EXERCISE OBJECTIVE | Every line of the listing below from the one with "Der er i alt" up to and including the one with "Canaan shares were" should be retyped exactly, and nothing else; pictures are not part of the copy.

INFORMATION GIVEN |

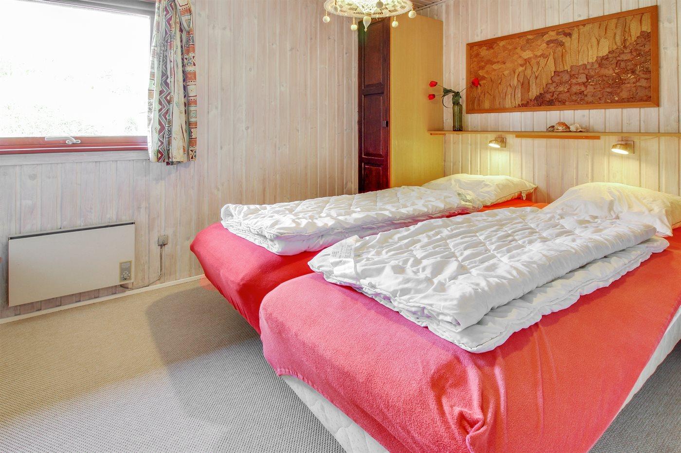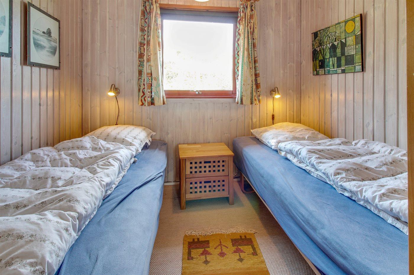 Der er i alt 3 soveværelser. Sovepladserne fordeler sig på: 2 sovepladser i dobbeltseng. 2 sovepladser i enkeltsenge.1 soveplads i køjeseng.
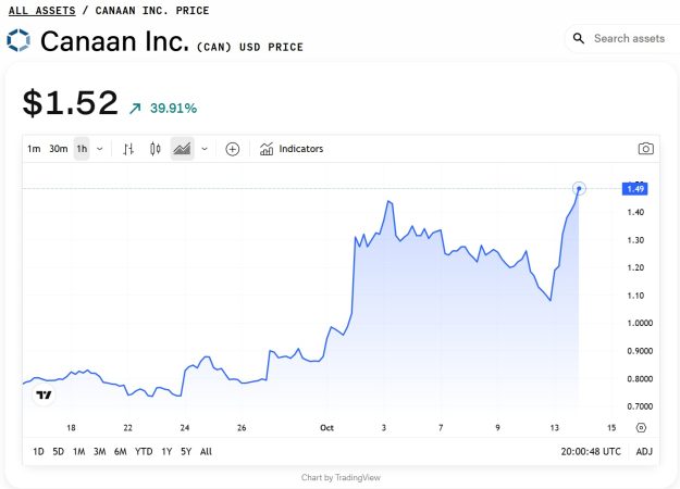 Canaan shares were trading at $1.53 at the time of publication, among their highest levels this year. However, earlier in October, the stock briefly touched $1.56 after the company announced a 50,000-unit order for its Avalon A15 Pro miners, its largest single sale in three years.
---
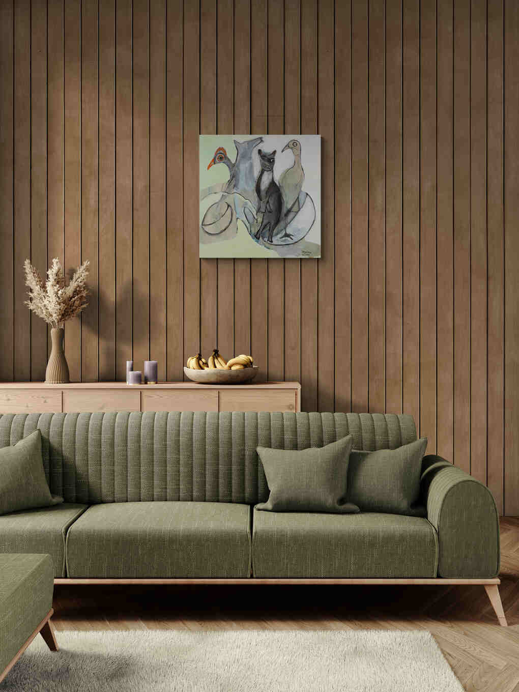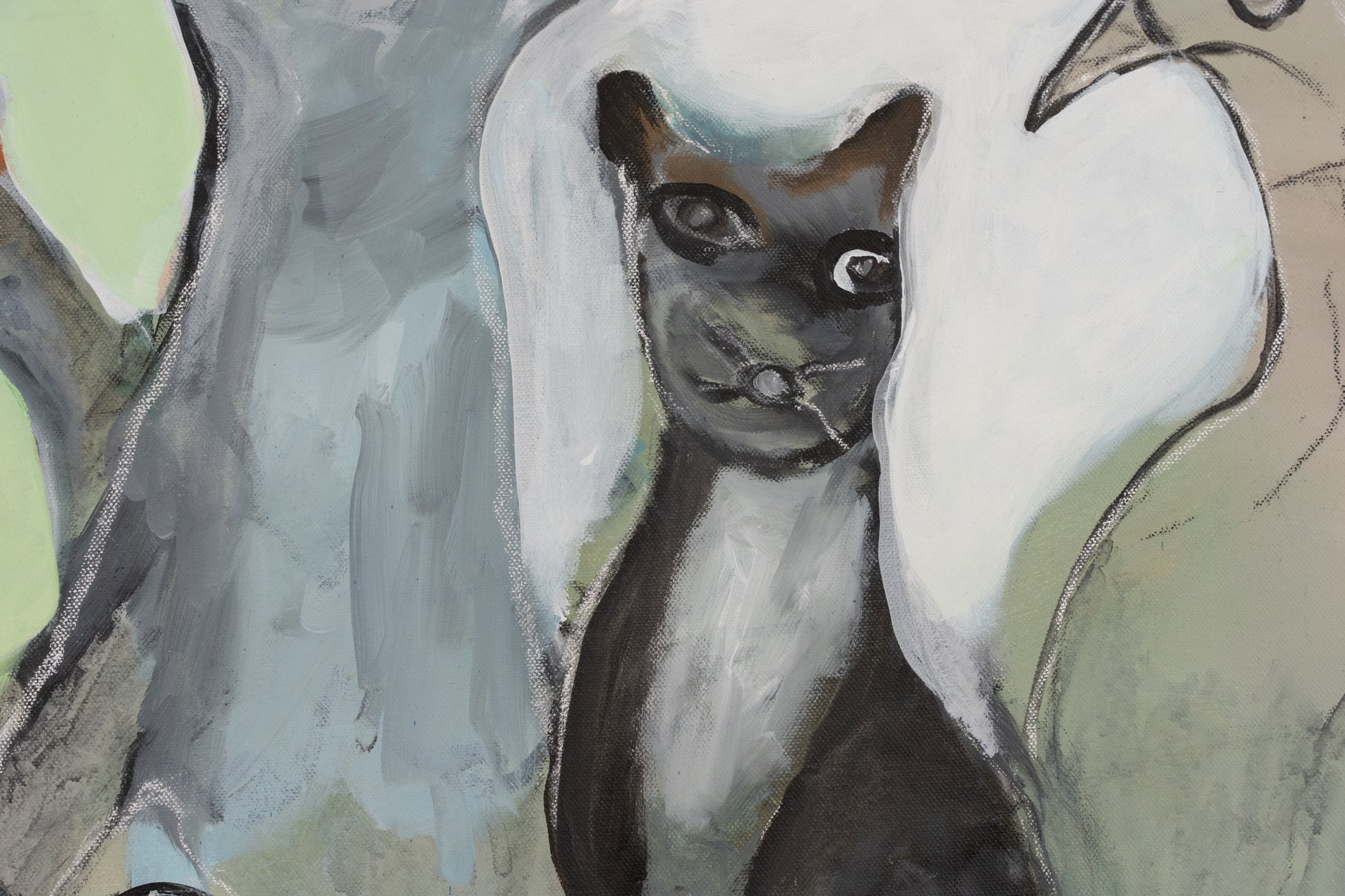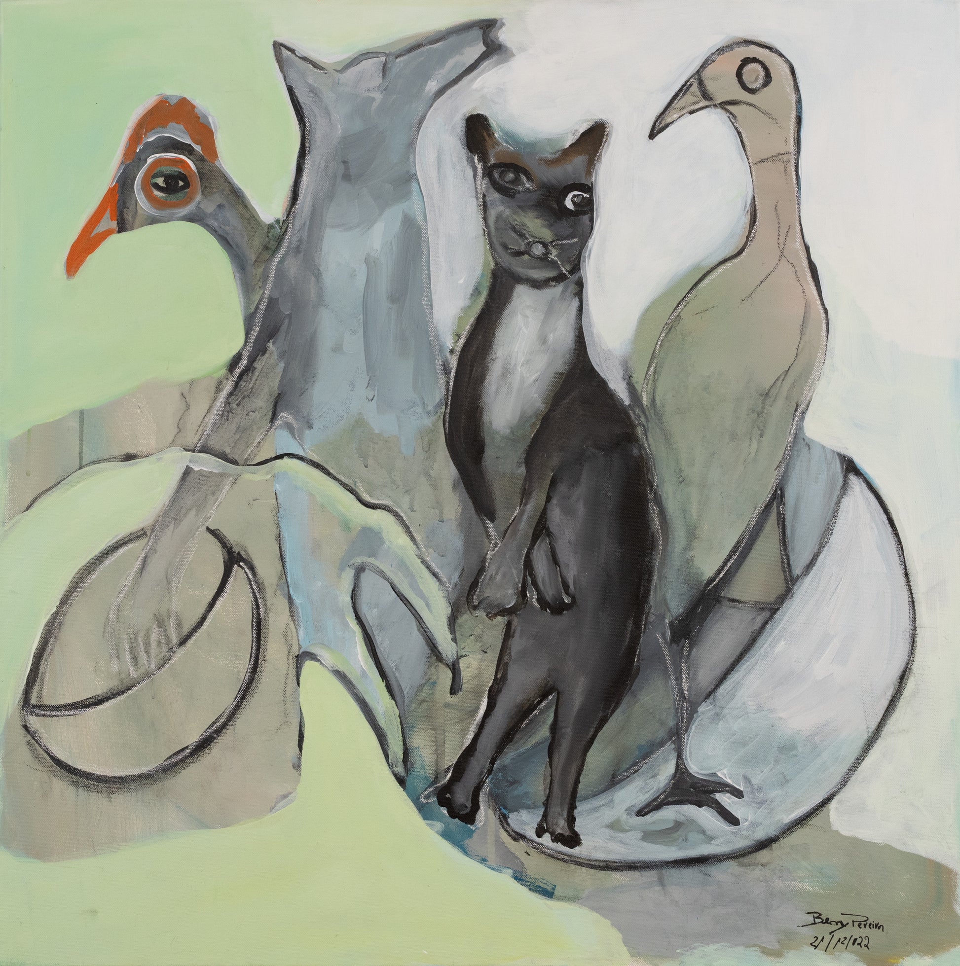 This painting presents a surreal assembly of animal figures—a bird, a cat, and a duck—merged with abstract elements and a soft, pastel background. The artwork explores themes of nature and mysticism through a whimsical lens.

YOUR SOLUTION |
 Der er i alt 3 soveværelser. Sovepladserne fordeler sig på: 2 sovepladser i dobbeltseng. 2 sovepladser i enkeltsenge.1 soveplads i køjeseng.
 Canaan shares were trading at $1.53 at the time of publication, among their highest levels this year. However, earlier in October, the stock briefly touched $1.56 after the company announced a 50,000-unit order for its Avalon A15 Pro miners, its largest single sale in three years.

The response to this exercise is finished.